§ Information supplied
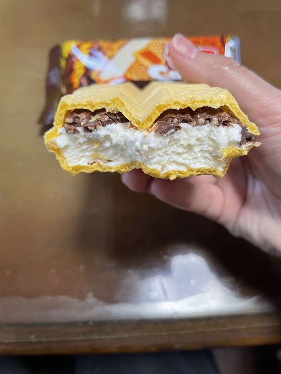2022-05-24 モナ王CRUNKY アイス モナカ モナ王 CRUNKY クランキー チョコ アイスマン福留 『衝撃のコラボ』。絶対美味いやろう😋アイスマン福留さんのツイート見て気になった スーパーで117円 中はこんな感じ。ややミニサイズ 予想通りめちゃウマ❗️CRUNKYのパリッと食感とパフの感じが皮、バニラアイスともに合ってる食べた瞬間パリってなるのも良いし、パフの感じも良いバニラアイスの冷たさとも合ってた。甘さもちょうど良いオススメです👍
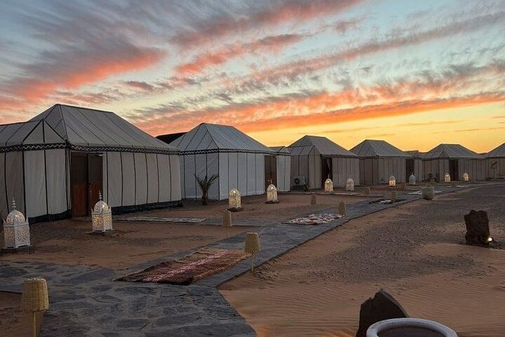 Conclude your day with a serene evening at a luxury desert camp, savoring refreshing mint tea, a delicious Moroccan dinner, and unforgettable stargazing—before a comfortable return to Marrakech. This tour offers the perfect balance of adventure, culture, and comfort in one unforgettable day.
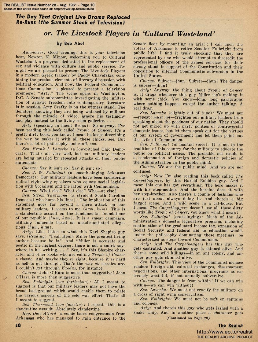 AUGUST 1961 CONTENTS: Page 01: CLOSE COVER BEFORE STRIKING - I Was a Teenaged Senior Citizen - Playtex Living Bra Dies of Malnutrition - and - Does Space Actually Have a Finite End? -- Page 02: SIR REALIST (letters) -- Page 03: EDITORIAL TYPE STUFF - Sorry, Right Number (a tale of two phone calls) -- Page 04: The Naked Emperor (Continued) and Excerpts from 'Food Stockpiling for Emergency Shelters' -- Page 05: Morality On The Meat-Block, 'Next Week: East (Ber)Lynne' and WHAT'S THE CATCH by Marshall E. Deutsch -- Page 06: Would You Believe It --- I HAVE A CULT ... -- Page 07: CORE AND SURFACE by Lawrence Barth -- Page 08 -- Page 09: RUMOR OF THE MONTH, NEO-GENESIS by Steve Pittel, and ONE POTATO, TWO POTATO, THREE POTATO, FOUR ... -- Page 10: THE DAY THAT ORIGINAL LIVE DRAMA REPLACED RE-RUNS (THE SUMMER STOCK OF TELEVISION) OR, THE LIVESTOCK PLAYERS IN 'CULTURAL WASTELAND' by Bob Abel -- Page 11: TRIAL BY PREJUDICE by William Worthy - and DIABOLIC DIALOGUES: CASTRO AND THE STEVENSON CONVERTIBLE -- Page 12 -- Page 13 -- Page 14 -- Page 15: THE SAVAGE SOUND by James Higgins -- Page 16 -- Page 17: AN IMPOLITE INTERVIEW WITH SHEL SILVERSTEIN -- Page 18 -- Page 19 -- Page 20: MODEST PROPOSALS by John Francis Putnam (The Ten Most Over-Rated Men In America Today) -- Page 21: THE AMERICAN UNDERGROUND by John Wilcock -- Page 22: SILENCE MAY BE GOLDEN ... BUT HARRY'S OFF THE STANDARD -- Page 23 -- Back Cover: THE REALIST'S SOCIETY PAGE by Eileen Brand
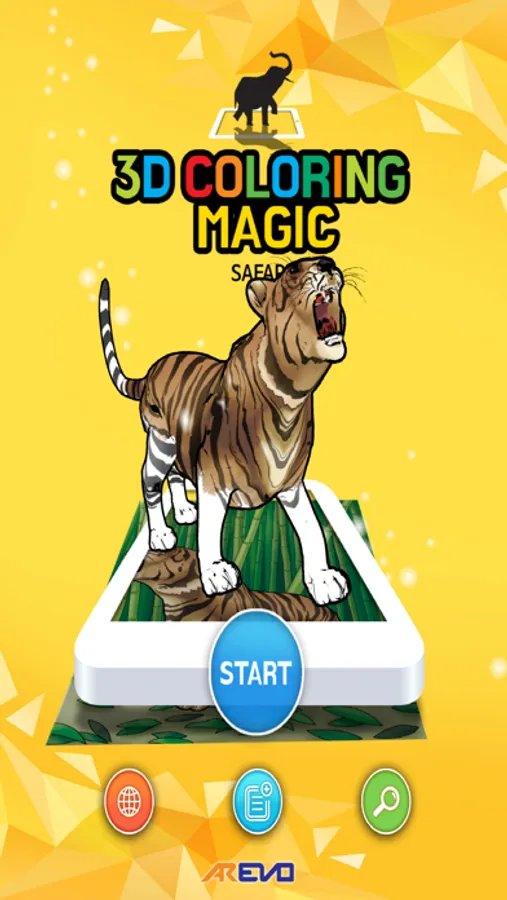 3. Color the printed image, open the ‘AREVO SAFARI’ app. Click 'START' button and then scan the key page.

§ What is being asked
In your copy, leave out the pictures and reproduce the material above exactly.

§ Result of this exercise
2022-05-24 モナ王CRUNKY アイス モナカ モナ王 CRUNKY クランキー チョコ アイスマン福留 『衝撃のコラボ』。絶対美味いやろう😋アイスマン福留さんのツイート見て気になった スーパーで117円 中はこんな感じ。ややミニサイズ 予想通りめちゃウマ❗️CRUNKYのパリッと食感とパフの感じが皮、バニラアイスともに合ってる食べた瞬間パリってなるのも良いし、パフの感じも良いバニラアイスの冷たさとも合ってた。甘さもちょうど良いオススメです👍
 Conclude your day with a serene evening at a luxury desert camp, savoring refreshing mint tea, a delicious Moroccan dinner, and unforgettable stargazing—before a comfortable return to Marrakech. This tour offers the perfect balance of adventure, culture, and comfort in one unforgettable day.
 AUGUST 1961 CONTENTS: Page 01: CLOSE COVER BEFORE STRIKING - I Was a Teenaged Senior Citizen - Playtex Living Bra Dies of Malnutrition - and - Does Space Actually Have a Finite End? -- Page 02: SIR REALIST (letters) -- Page 03: EDITORIAL TYPE STUFF - Sorry, Right Number (a tale of two phone calls) -- Page 04: The Naked Emperor (Continued) and Excerpts from 'Food Stockpiling for Emergency Shelters' -- Page 05: Morality On The Meat-Block, 'Next Week: East (Ber)Lynne' and WHAT'S THE CATCH by Marshall E. Deutsch -- Page 06: Would You Believe It --- I HAVE A CULT ... -- Page 07: CORE AND SURFACE by Lawrence Barth -- Page 08 -- Page 09: RUMOR OF THE MONTH, NEO-GENESIS by Steve Pittel, and ONE POTATO, TWO POTATO, THREE POTATO, FOUR ... -- Page 10: THE DAY THAT ORIGINAL LIVE DRAMA REPLACED RE-RUNS (THE SUMMER STOCK OF TELEVISION) OR, THE LIVESTOCK PLAYERS IN 'CULTURAL WASTELAND' by Bob Abel -- Page 11: TRIAL BY PREJUDICE by William Worthy - and DIABOLIC DIALOGUES: CASTRO AND THE STEVENSON CONVERTIBLE -- Page 12 -- Page 13 -- Page 14 -- Page 15: THE SAVAGE SOUND by James Higgins -- Page 16 -- Page 17: AN IMPOLITE INTERVIEW WITH SHEL SILVERSTEIN -- Page 18 -- Page 19 -- Page 20: MODEST PROPOSALS by John Francis Putnam (The Ten Most Over-Rated Men In America Today) -- Page 21: THE AMERICAN UNDERGROUND by John Wilcock -- Page 22: SILENCE MAY BE GOLDEN ... BUT HARRY'S OFF THE STANDARD -- Page 23 -- Back Cover: THE REALIST'S SOCIETY PAGE by Eileen Brand
 3. Color the printed image, open the ‘AREVO SAFARI’ app. Click 'START' button and then scan the key page.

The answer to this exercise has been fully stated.